═══ SUPPLIED INFORMATION ═══

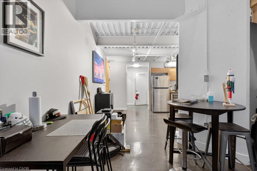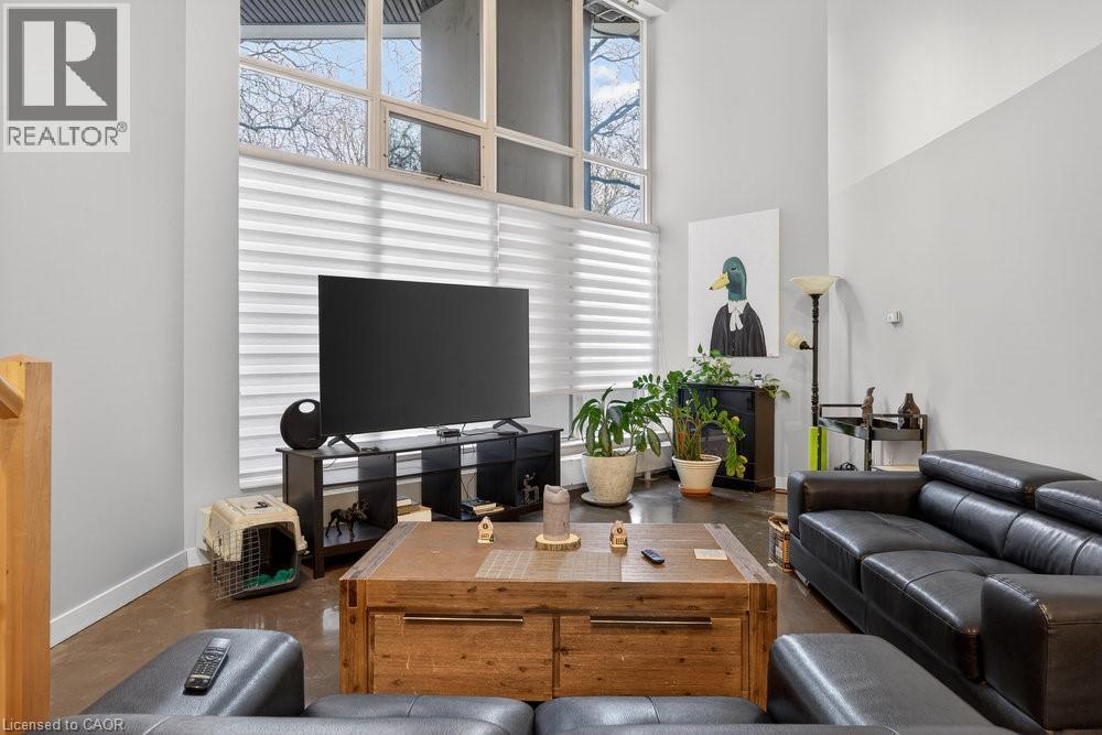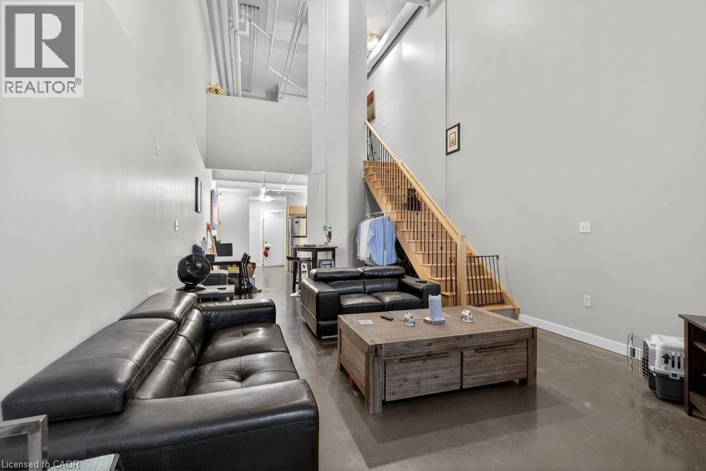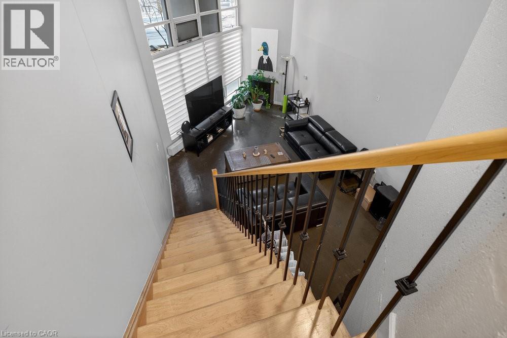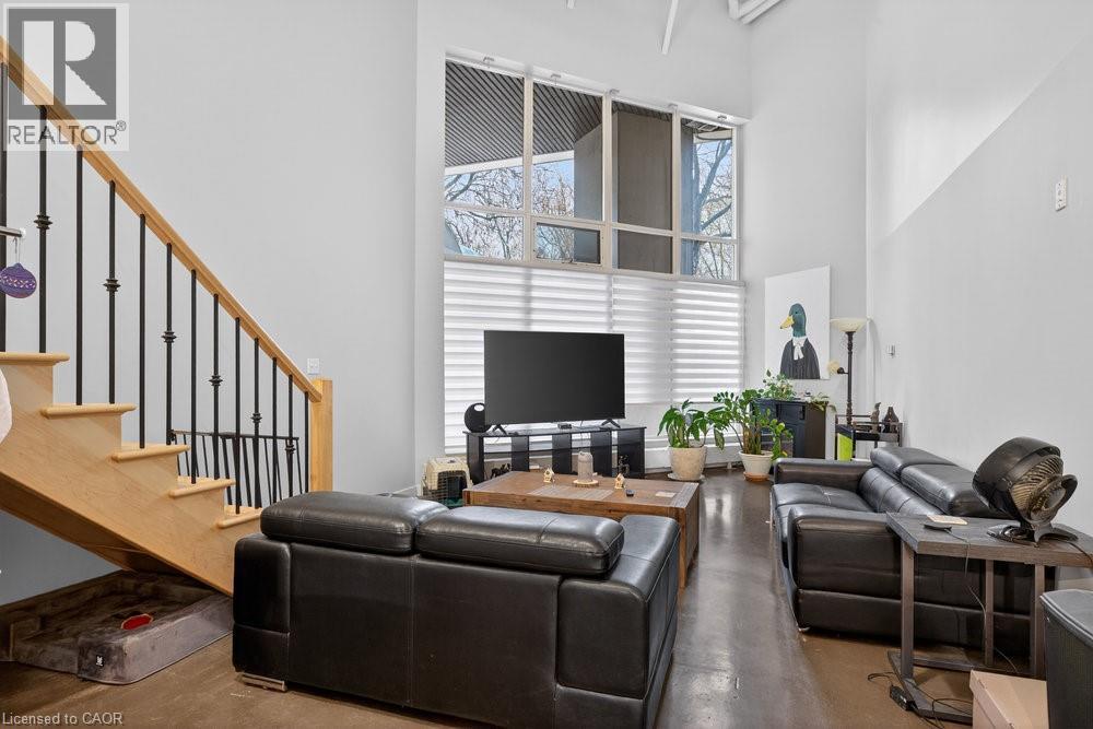 Step into this spacious two-storey loft located in the heart of downtown Hamilton. This luxury one-bedroom condo at the sought-after Core Lofts offers modern design and unbeatable convenience. Open-concept layout with soaring 20+ ft ceilings, polished concrete floors and floor-to-ceiling windows for abundant natural light. Primary bedroom on the second level with ensuite bath. In-suite laundry for added convenience. Parking (EV ready) and locker included. Building amenities include fitness centre, rooftop patio with BBQs, party room. Steps from restaurants, shopping, and transit. Close to GO train/bus station for easy commuting. Application, deposit, references, and proof of income required. Available Jan. 16, 2026. (id:4555)
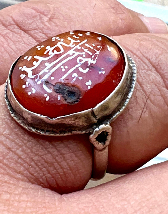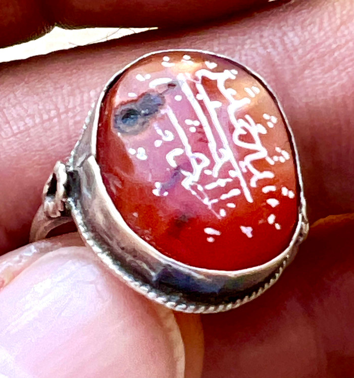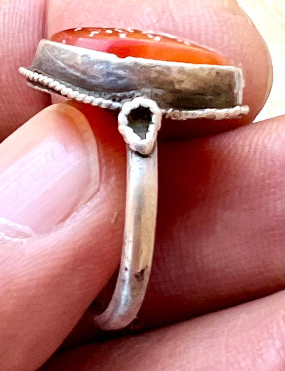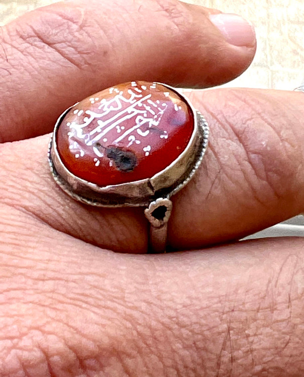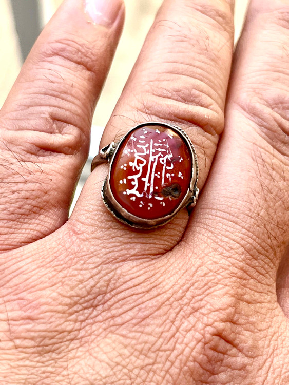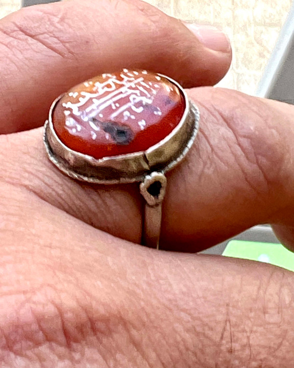عقیق سرخ کهنه یمنی خط بیاضی (پیازی ) صفوی اصیل با رکاب فابریک صفوی
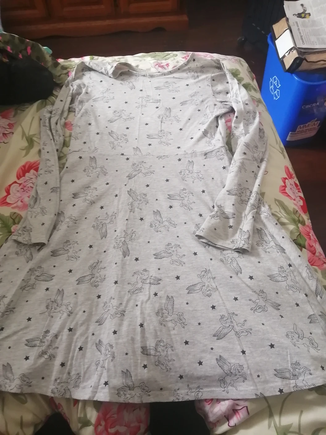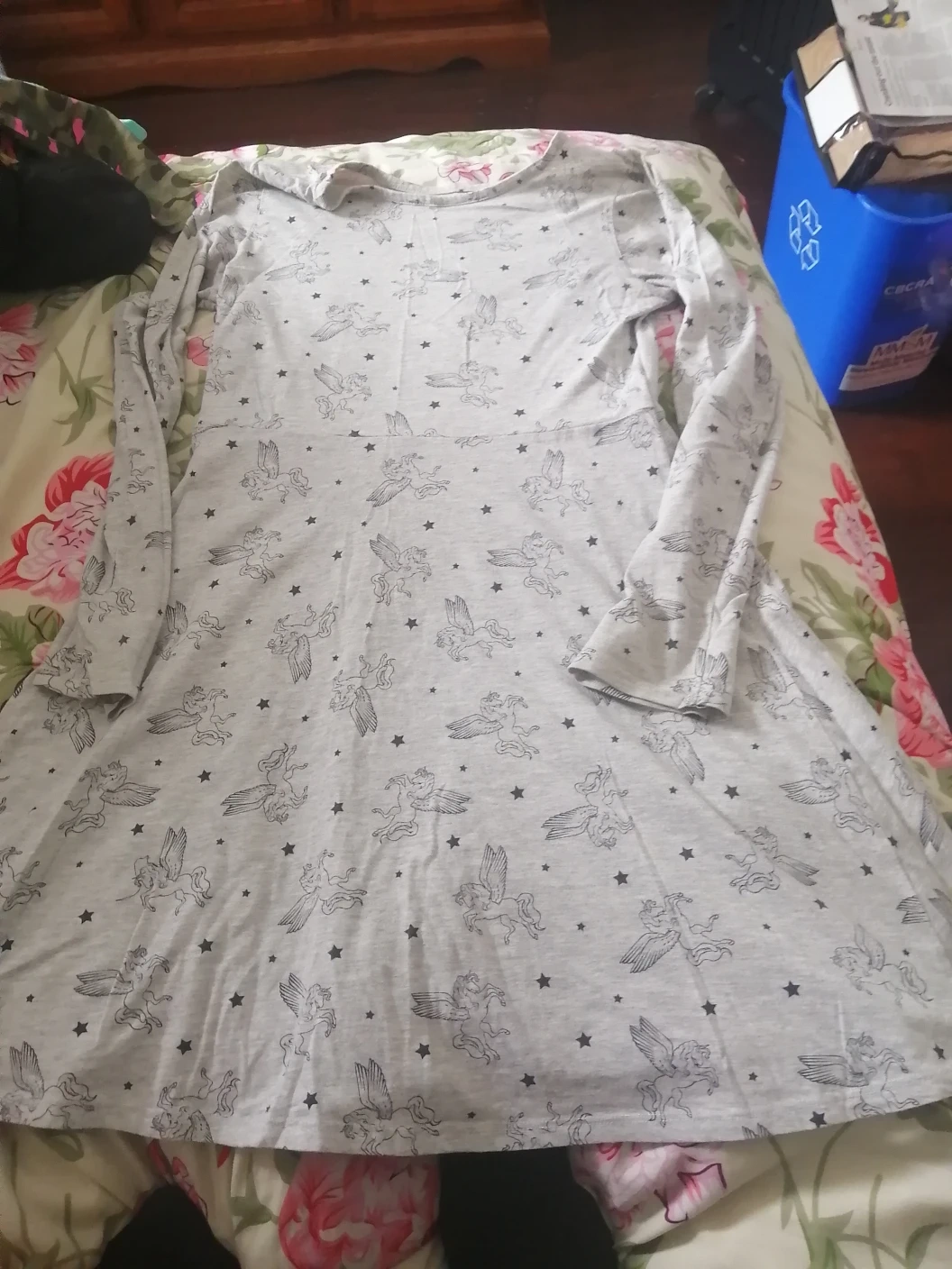 This adorable girls' dress features a cute unicorn print all over! It's a long-sleeved style, perfect for cooler days. The dress is a size 14 and in great condition. It's made of a soft, comfortable material that's perfect for everyday wear

═══

EXERCISE DETAILS: Copy the data word for word and omit every picture.

REPLY TO THE EXERCISE:
 Step into this spacious two-storey loft located in the heart of downtown Hamilton. This luxury one-bedroom condo at the sought-after Core Lofts offers modern design and unbeatable convenience. Open-concept layout with soaring 20+ ft ceilings, polished concrete floors and floor-to-ceiling windows for abundant natural light. Primary bedroom on the second level with ensuite bath. In-suite laundry for added convenience. Parking (EV ready) and locker included. Building amenities include fitness centre, rooftop patio with BBQs, party room. Steps from restaurants, shopping, and transit. Close to GO train/bus station for easy commuting. Application, deposit, references, and proof of income required. Available Jan. 16, 2026. (id:4555)
عقیق سرخ کهنه یمنی خط بیاضی (پیازی ) صفوی اصیل با رکاب فابریک صفوی
 This adorable girls' dress features a cute unicorn print all over! It's a long-sleeved style, perfect for cooler days. The dress is a size 14 and in great condition. It's made of a soft, comfortable material that's perfect for everyday wear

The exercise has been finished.